Yes, I learned how to better format lines from input files by using splitlines() - PR


I introduced myself to itertools package to create permutations. I also focused on breaking my code into smaller, easier to manage functions. Practiced basic game logic and list manipulation. - PR

Refresher on manipulating lists and using itertools functionality - PR

Yes, I learned how to build a set using iterators - PR


Yes, I learned how to parse from xml documents. I also found a fun side effect of sets: as unordered collections, the order in which they return data is inconsistent and seems to be dependent on where that data is in memory. If it's important to display the information consistently or in the same order every time a program is run, either refrain from using a set or change it back to a list to sort it. - PR

Learned about SequenceMatcher. Great thing. Started to think about how tests actually work, since I did get the results from the website but could not manage to pass the tests. Heard about nltk (looks interesting). - PR


I learned about the power of generators when you need to pass lists, dicts, or sets around - PR


I gained experience in compartmentalizing code, I broke down big code chunks into smaller functions to make it easier to understand. I didn't use any new features of Python, but I got better with software development practices. - PR


yes, how to tie together a few tools from the collections module to get a seemingly complicated task done relatively quickly. - PR

I learnt a lot more about collections, in particular defaultdict. Using it with namedtuple was a great exercise. - PR

I learned collections - defaultdict, namedtuple, Counter. I learned how to use f-string.

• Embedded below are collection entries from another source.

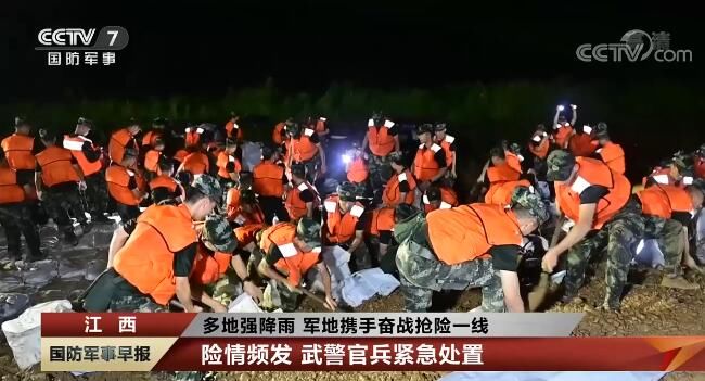 武警江西总队机动支队副支队长 宋桓:经过官兵连续近5个小时的奋战,我们消耗了砂石450余方,装填沙袋余个,目前险情得到了有效控制。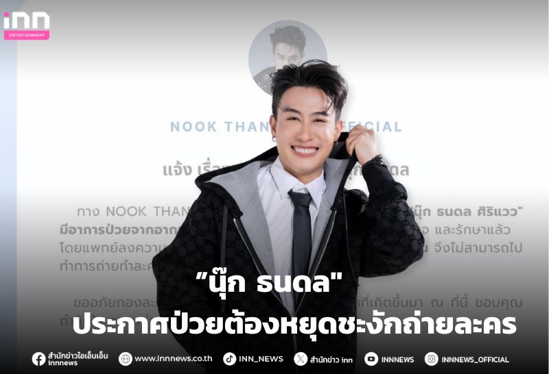 ”นุ๊ก ธนดล“ ประกาศป่วยต้องหยุดชะงักถ่ายละคร ขอโทษผู้ที่ได้รับผลกระทบ แฟนคลับแห่ส่งกำลังใจ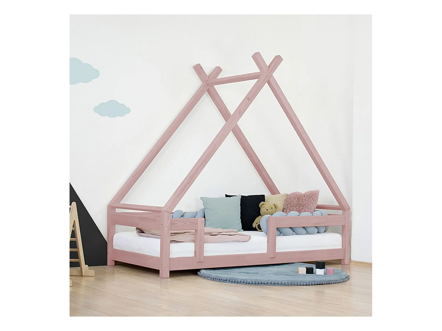 Lit cabane enfant TAHUKA 140 x 200 rose pastel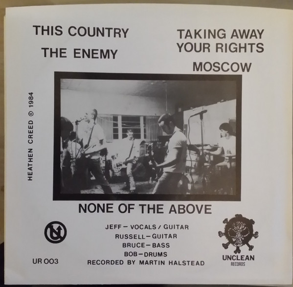 Outstanding condition. As New !! / Third version of the sleeve. This sleeve is printed on coated paper (somewhat glossy) and has a different back design than the first edition with typeset titles on a white background and features the 'virus' Unclean logo. The opening of the sleeve is cut rounded at top. Blue & white insert with typed lyrics. is in perfect shape as well.

I still do not know how I can sort specific element inside the value of the default dict e.g. in this case I can't sort the score of movies under the director. - PR

I learned about namedtuple - PR


I learn how to make request to remote database (in this project used RIPE DB) and how to parse JSON output from DB - PR


I learned how to use praw, the library for accessing the reddit API through a python wrapper. This challenge was fun, I think I'll be using praw more in the future. - PR


Create an Interval class that can be leveraged by a pomodoro app. I learned pytest methodology for testing a custom class - PR

yes, I mucked around with flask testing - PR


Solidified my understanding of regex. - PR

Didn't know non-capture group can be used like that. - PR


Kind of? datetime is pretty new to me, and this is the first time I actually used the time module. It was also the first time I used os.system, and the "\r" character. It was a good experience, but I wouldn't go as far as to say that I "stretched" my skills. I will most likely come back to the timer and improve the interface a bit. - PR

I learned how to define the timedelta, how to use string to properly show datetime. - PR

Yes, I learned that when I print timedelta, it shows the string in this format: "0:00:00". - PR

argparse, datetime, making CLI applications - PR

Thanks to everyone for your participation in our blog code challenges! Keep the PRs coming and include a with one or more screenshots if you want to be featured in this review post.